Üzerinden uzun zaman geçti okumamın ama ben de iki kelam etmek isterim.
Yukarıda yazılanların çoğuna katılıyorum. Kitabın özgün bir konusu var bence. Konu bitti, yazacak şey yok fantastik eserler için; elf, cüce, büyü(cülük) kullanıldı diyenler için gayet güzel, farklı bir eser. İlk 150 sayfa civarı yavaş aksa da ortalara doğru olaylar öyle hızlanıyor ki...
Sanırım hepimizin ortak noktası Sarene'nin politik anlamda kendini çok kurnaz zannetmesi (ki yazar da karakteri öyle tanımlıyor) fakat hiç de bu konuda yetkin olamaması. Birine kırk kere deli dersen deli olur sözünü anımsattı bu durum bana (tabii ki deli olmadan).
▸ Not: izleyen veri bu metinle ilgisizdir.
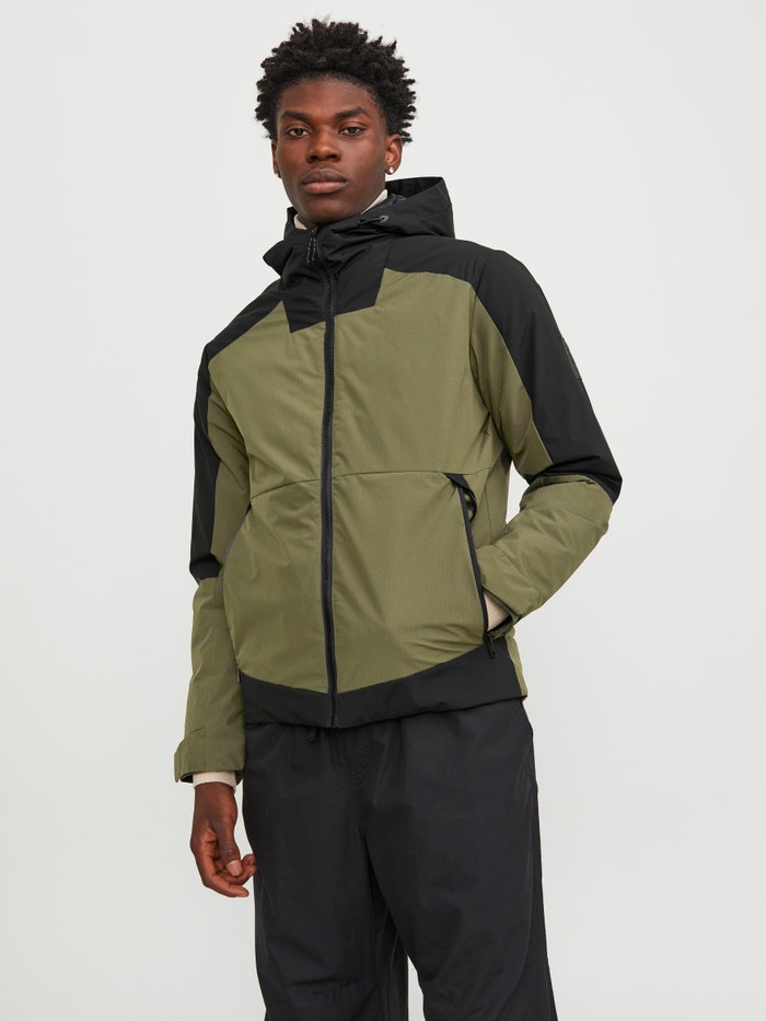 - Closing : Fully zipped storm placket

Yazar sivri zekalı, olay çözücü, entrikacı olarak ne kadar hissettirmeye çalışsa da, sürekli vurgu yapsa da ne yazık ki o hissiyatı bize yaşatamamış. Özellikle değişik, çok farklı bir havası var diyebileceğim karakterler yoktu. Genelde karşımıza çıkabilecek türde, tahmin edilebilirlerdi. Raoden için de Sarene hakkında düşündüklerimin aynısını düşünüyorum hemen hemen. Keşke biz de hayal ettiğimiz şekillerde olabilmek için hiç bu kadar uğraşmak zorunda kalmasak.
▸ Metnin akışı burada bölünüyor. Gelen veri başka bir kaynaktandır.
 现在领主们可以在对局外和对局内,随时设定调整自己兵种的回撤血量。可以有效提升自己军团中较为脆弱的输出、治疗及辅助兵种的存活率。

Olayın çözümü de biraz basit geldi bana. Ne bileyim daha vurucu, hiç beklemedik bir yerden sonuç beklerdim. "Açılmış bir kitap sayfası gibi okunmayı bekliyordu" sorun.
Kitaptaki betimlemeler gayet hoştu, akıcılık yerindeydi; hiç sıkılmadım desem yeridir. Yeni dinler yaratması yazarın gayet hoşuma gitti; bazı anlamlar çıkarabileceğimiz güzel noktalar vardı. Bildiğim kadarıyla ilk eseri yazarın. Bu nedenle bazı aksaklıklar olabilir; ama okunması gerektiğini düşünüyorum bunca niteliksiz eserler arasında. Diğer eserlerini de okumak için etki bıraktı bende; okuyacağım da.